Mining for significant sites

After ensuring that all pdb files are present, the data_prepare_experiment function will generate the critical points along with the associated features for each of the pdbs. Upon completion of preprocessing, the function will return the list of proteins and families read from the specified experiment file. The indices and range of the family proteins will be useful in specifying which proteins to use in training or testing. Using these family definitions, we can now start mining process:

>> rep=mine_family_represent('globins', 'ptns',ptns([1:10]), 'rand',ptns([39:227]),'recache',1)

rep = 
        feats: [1296x14 double]
       scores: [1296x1 double]
     borderDs: [1296x1 double]
    threshold: 0.2560

Here, we gave globin-like proteins (1 through 10) as the family to be mined, and the rest of the proteins in the dataset as the outgroup. The return value of mine_family_represent is a struct that includes the representation of the family, and the threshold value is the lowest membership score for a member of the family.

Examining and displaying the sites

The returning value feats is the feature vectors generated, and scores is the corresponding discriminative scores of these features. Now we can use these features and map them on to one of the proteins:

>> signatures_show('1irda', 'familyName','globins', 'numHits',1, 'pretty',1);
 1: 1  -->208. score=0.000 dist=0.035 count=1
  residues:  PHE43 HIS58 HIS87 TYR42 PHE46 LEU91 LEU29 HIS45 VAL62 LEU86 PHE33 LEU83 VAL93
  atoms:  PHE43(N,CB,CG,CD1,CA,CE1,CZ,CD2,CE2) HIS58(CB,CG,ND1,CD2,CE1,NE2,O,CA) HIS87(CA,CB,CG,ND1,CD2,CE1,NE2) TYR42(CB,CG,CA,CD1,C,O) PHE46(CE1,CZ,CD1,CE2) LEU91(CB,CG,CD1,CD2) LEU29(CD1,CD2) HIS45(CE1,NE2) VAL62(CB,CG2) LEU86(CG,CD2) PHE33(CZ) LEU83(CD1) VAL93(CG2)
drawing the protein...
drawing the local sites found...

Figure. mapping of top scoring representative features of Globins family onto protein 1irda.

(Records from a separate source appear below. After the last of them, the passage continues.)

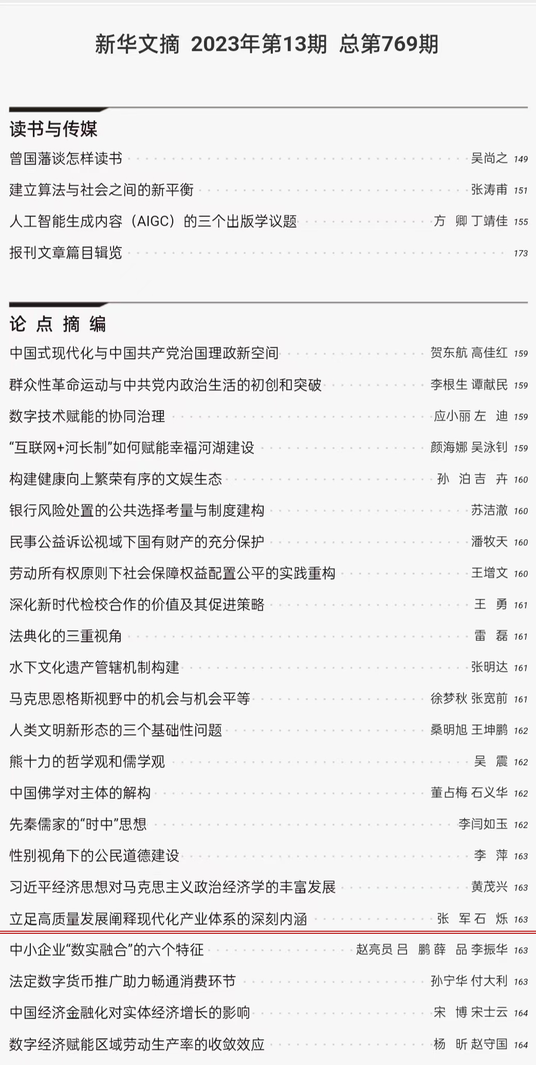 发表期刊丨张军, 石烁. 2023. "立足高质量发展阐释现代化产业体系的深刻内涵". 《新华文摘》. 第163页. 原文见《新金融》2023年第3期第4到9页。
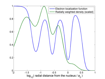 Electron localization function of the krypton atom at the Hartree–Fock / cc-pV5Z level of theory. Also shown is the radial density, 4πr2ρ(r), scaled by a factor of 0.0375.
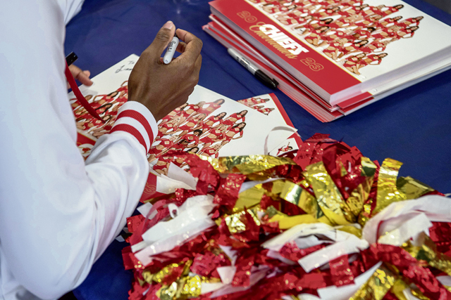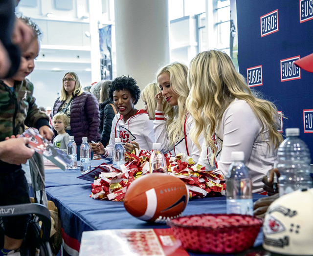 Kansas City Chiefs cheerleaders sign autographs for members of the Kaiserslautern Military Community at Ramstein Air Base, Germany, Nov. 2, 2023. The event was an opportunity for KMC members to get autographs and meet cheerleaders and a former Chiefs’ player before the Chiefs played in Frankfurt, Germany. (U.S. Air Force photo by Airman Trevor Calvert)
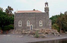 לרגל המילניום הוקם פה על ידי רשות הטבע והגנים, לובי לבאים מן הים בהפלגה. בסופו של דבר לא השתמש בו האפיפיור בעת ביקורו, ונותר פה מתחם רחב ידיים, שטח מסורק היטב עם עצי זית צעירים ודקלים נטועים באדמה החשופה המשמש את המגיעים בעיקר על מנת להוציא כמה שקלים על כוס קפה בחנות המזכרות, 'קודש לשמירת הטבע בארץ'. כמה מאות מטרים דרומה - מבנה הכנסייה היוונית בעל הכיפות הוורודת, ששוה ביקור בעיקר בגלל הציורים המרהיבים על קירותיו ותקרותיו. מכאן ואילך שוב טבע - הדרך פתוחה עד למזרח האגם, ושביל סובב כנרת מסומן. עד הערב אהיה כבר ברמות.

In the Matlab window, you can use click&drag the mouse to rotate the protein. To turn on the labelling of the residues, pass the parameters 'label',1.

The figure above shows the top representative critical point with its spherical neighborhood, perfectly allocated at the heme-binding pocket of the protein 1irdA – human hemoglogin alpha subunit. This metal binding pocket is highly conserved in the Globins family and its presence is critical for the function of the protein. The Histidine residues 58 and 87 responsible for binding Iron atom are contained within this spatial neighborhood. The residues within the representative site are given in the output, along with the detailed atom list.

It is also possible to see the rest of the features mapped on to the protein space (use numFeats parameter in signatures_show function. The function signatures_show matches the submitted features to the features generated from the given protein by minimizing the distances between them, which may cause more than one representative feature to map onto same feature of the protein. The count value shows the number of such representative features. To make the mapping unique, you can pass doSimilarOnesFilter option as 1 in mine_sites function.